The second step of the modeling approach consisted of a stochastic, spatially explicit diffusion model to predict the spatiotemporal progression of Lyme disease reporting in the study area between 2000 and 2017. This model consisted of a planar network in which each node was a county connected with the contiguous neighboring counties (eFigure 2 in the Supplement), and the diffusion of Lyme disease reporting among the counties was assessed by the coefficients obtained from the regression model. The state of Lyme disease reporting in 2000 was used as the baseline, and 1000 simulations were run for 2000 to 2017, randomly removing 100 counties in each simulation to incorporate stochasticity into the model and to reduce reporting bias. At 1-year steps, the model predicted the reporting status of each county based on the characteristics of the county and its contiguous counties. A detailed description of the diffusion model is included in the eAppendix in the Supplement. The outcomes of this model were the probability of reporting at least 1 case of Lyme disease in a county by 2018 (the predicted year for the first case being reported) and the velocity of the spread of Lyme disease. The results of the diffusion model were then compared with the observed case data obtained from the CDC. A detailed description of the method used to calculate the velocity of the spread of Lyme disease is included in the eAppendix in the Supplement.
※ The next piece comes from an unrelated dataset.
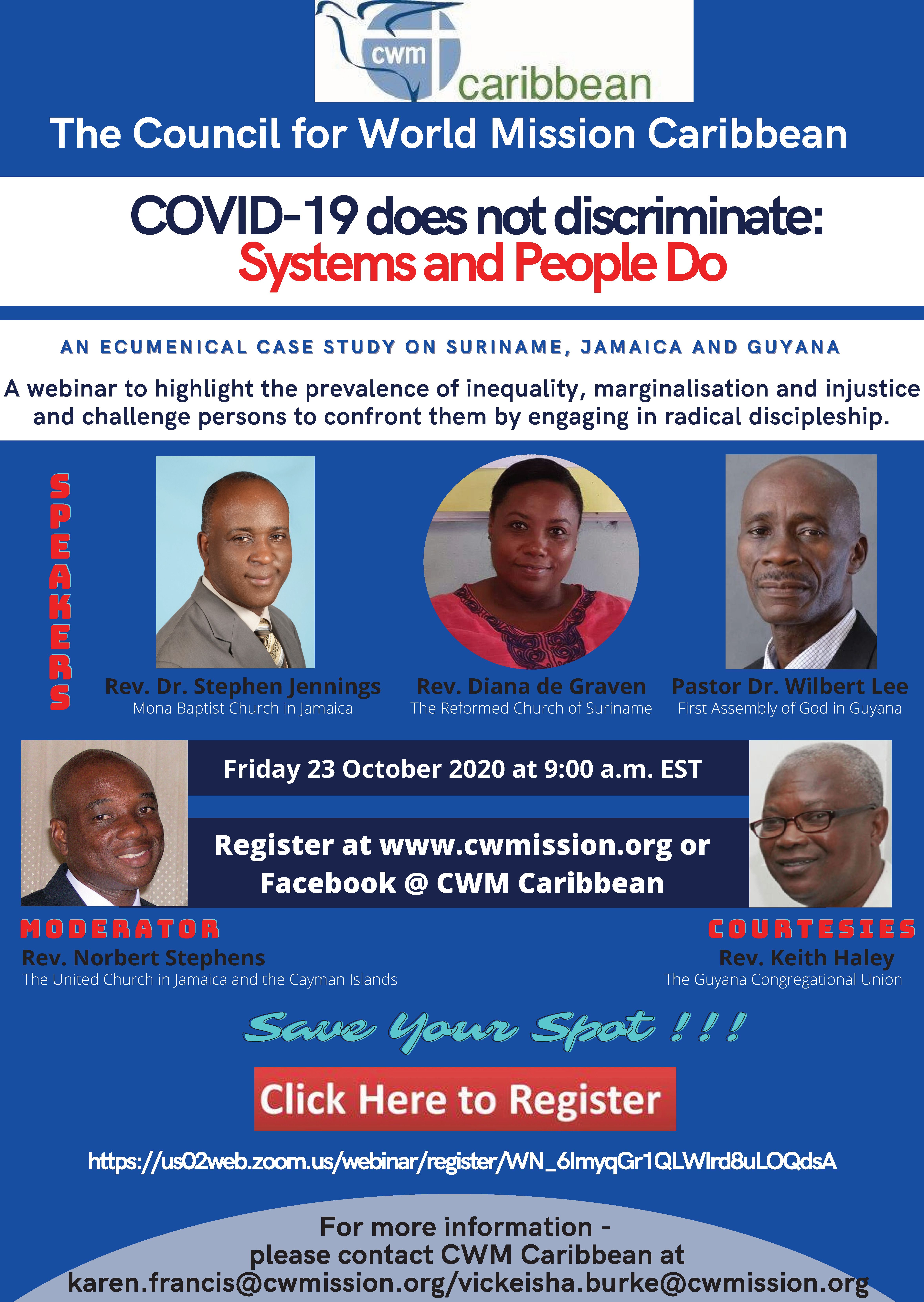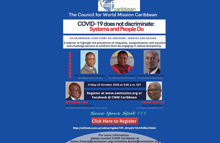CWM’s web talk series titled “COVID-19 does not discriminate: People and Systems do” is an ecumenical case study on Suriname, Jamaica and Guyana, to be held on Friday 23 October, 9am – 10:30am (EST). Organised by CWM Caribbean region, it highlights the prevalence of inequality in human interactions and discuss ways to confront marginalisation and injustice by engaging in radical discipleship.

The modeling approach accounted for the changes in case definition made by the CDC in 2008 and 2011. To avoid mixing cases reported using different case definitions, the modeling code at the beginning of each simulation randomly used the subset of reported cases in the following time windows: 2000 to 2007, 2008 to 2010, and 2011 to 2015.
Between 2000 and 2017, a total of 497 569 Lyme disease cases were reported to the CDC in the 1405 counties included in our analyses in the following regions of the United States: 27 963 in West North Central, 39 774 in East North Central, 130 992 in New England, 247 029 in Middle Atlantic, and 51 811 in the South. The publicly available data do not include sex, age, or other demographic information.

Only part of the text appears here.